Problem to solve:
From the data below, repeat exactly the lines from the line with "Description du produitPorte" to the line with "光伏上市公司2022年三季報", both included.

Materials provided:
[Start of section]

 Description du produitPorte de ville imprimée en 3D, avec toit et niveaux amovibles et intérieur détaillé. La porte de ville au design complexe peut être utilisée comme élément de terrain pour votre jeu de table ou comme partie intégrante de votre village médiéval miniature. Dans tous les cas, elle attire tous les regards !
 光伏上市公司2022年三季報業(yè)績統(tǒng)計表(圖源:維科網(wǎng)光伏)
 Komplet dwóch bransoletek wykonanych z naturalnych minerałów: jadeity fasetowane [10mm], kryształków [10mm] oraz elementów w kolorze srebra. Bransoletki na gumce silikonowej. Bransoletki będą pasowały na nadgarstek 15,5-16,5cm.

[End of section]
[Start of section]

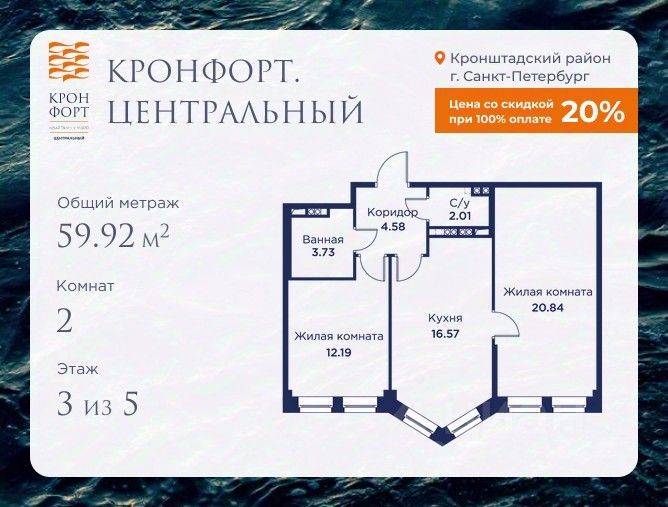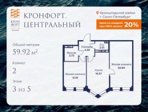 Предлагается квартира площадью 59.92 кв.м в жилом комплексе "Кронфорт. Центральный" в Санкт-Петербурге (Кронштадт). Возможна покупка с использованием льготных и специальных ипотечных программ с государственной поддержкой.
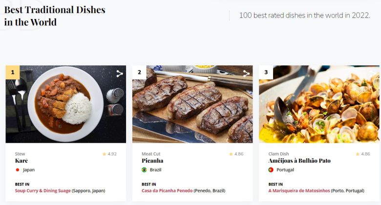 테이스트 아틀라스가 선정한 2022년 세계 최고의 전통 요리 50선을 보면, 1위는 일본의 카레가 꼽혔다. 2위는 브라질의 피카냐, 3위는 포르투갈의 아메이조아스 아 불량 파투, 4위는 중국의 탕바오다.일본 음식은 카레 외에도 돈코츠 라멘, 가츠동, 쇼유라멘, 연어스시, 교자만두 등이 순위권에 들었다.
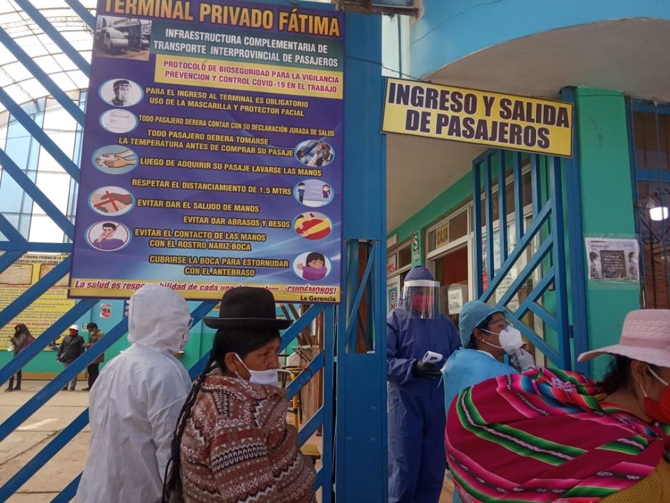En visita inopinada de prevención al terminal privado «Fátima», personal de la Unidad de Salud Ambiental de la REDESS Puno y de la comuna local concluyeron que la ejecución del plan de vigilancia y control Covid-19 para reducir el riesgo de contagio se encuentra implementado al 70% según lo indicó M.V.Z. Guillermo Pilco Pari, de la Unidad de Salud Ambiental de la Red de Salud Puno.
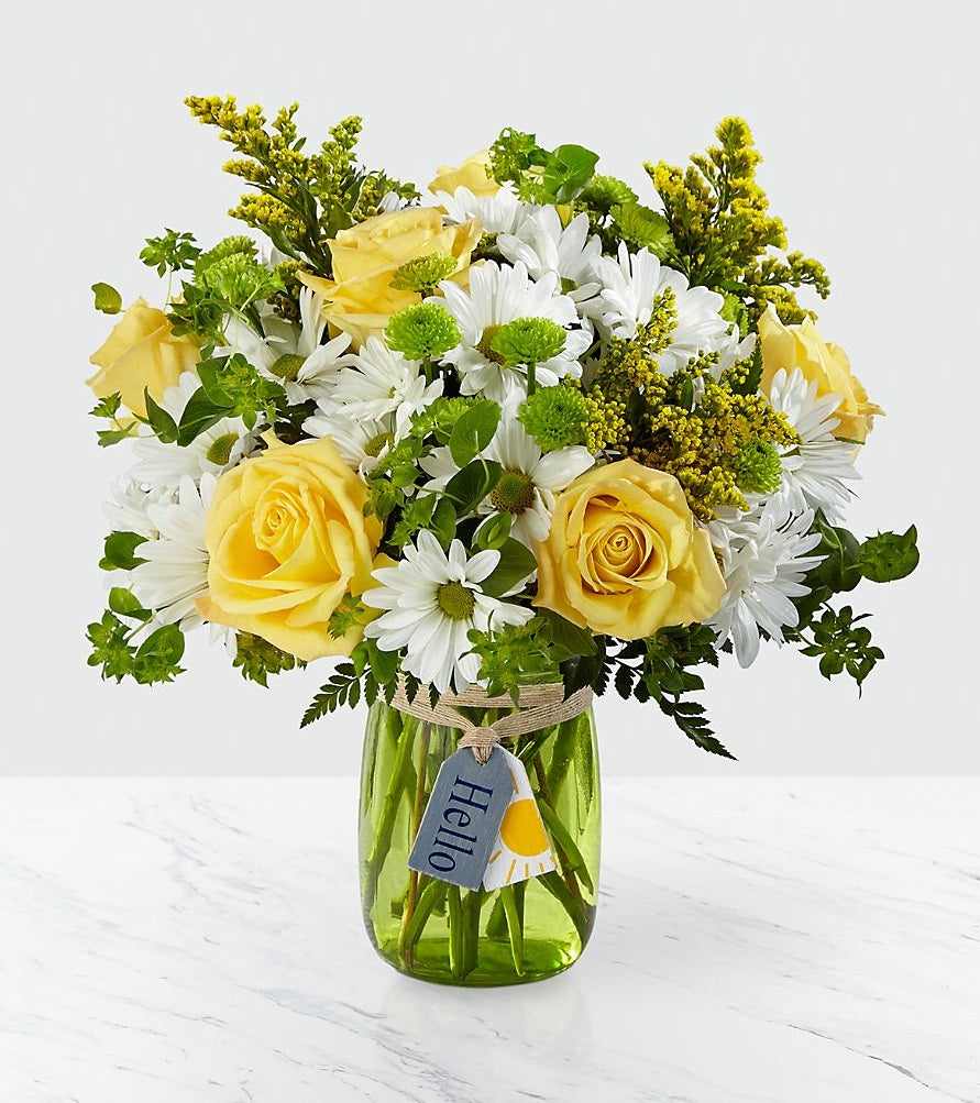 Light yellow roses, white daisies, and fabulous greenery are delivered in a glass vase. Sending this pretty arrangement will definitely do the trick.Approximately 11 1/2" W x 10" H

[End of section]

Exercise result:
 Description du produitPorte de ville imprimée en 3D, avec toit et niveaux amovibles et intérieur détaillé. La porte de ville au design complexe peut être utilisée comme élément de terrain pour votre jeu de table ou comme partie intégrante de votre village médiéval miniature. Dans tous les cas, elle attire tous les regards !
 光伏上市公司2022年三季報業(yè)績統(tǒng)計表(圖源:維科網(wǎng)光伏)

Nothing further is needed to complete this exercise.